◆ What you need to do
Copy the material below verbatim from the line with "Fresco at the museum at Mycenae in Greece" to the line with "Overview map of", both lines included, omitting pictures and every line outside that range.

◆ Data extracts

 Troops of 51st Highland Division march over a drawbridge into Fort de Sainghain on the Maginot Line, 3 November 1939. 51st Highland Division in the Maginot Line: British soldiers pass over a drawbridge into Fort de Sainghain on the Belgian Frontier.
...
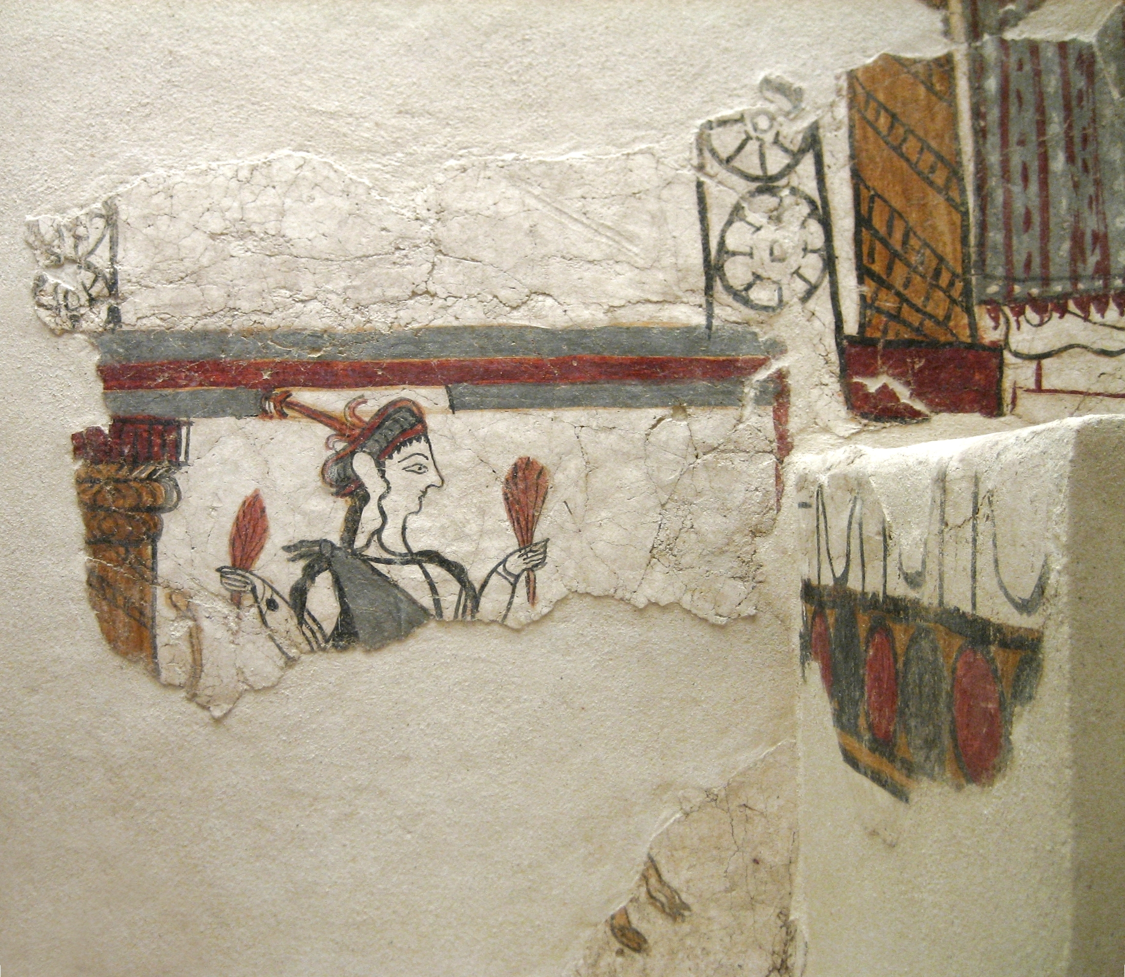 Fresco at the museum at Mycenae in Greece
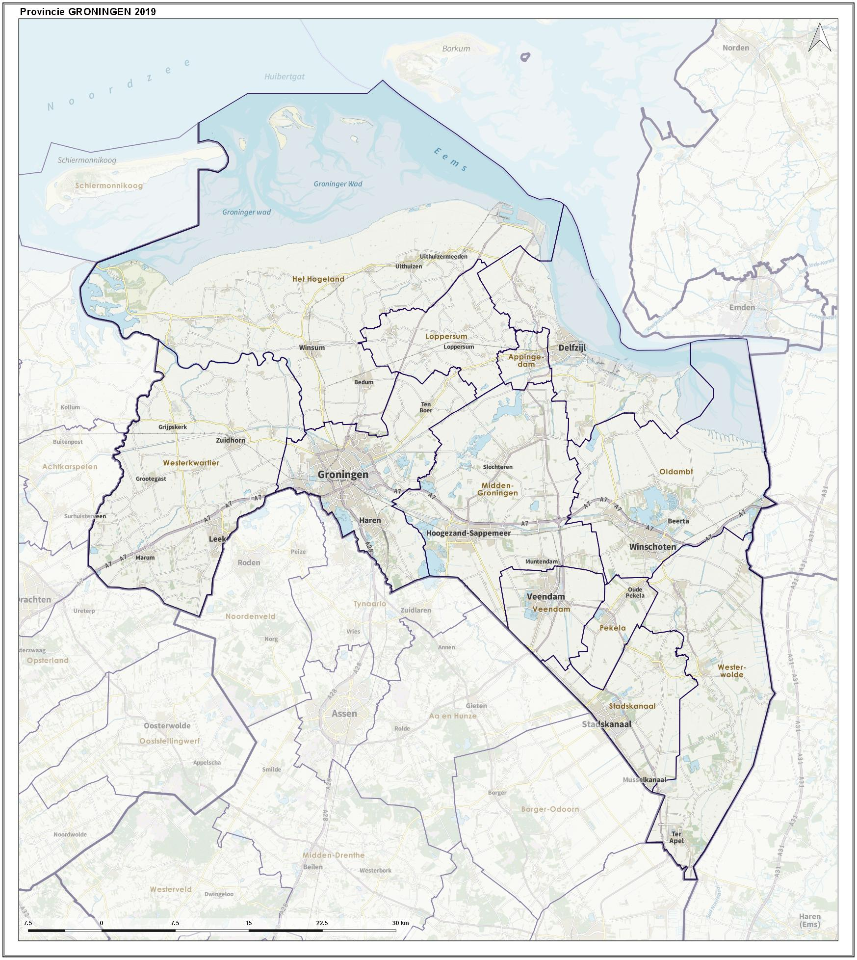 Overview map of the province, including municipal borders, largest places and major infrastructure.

◆ Result of this exercise
 Fresco at the museum at Mycenae in Greece
 Overview map of the province, including municipal borders, largest places and major infrastructure.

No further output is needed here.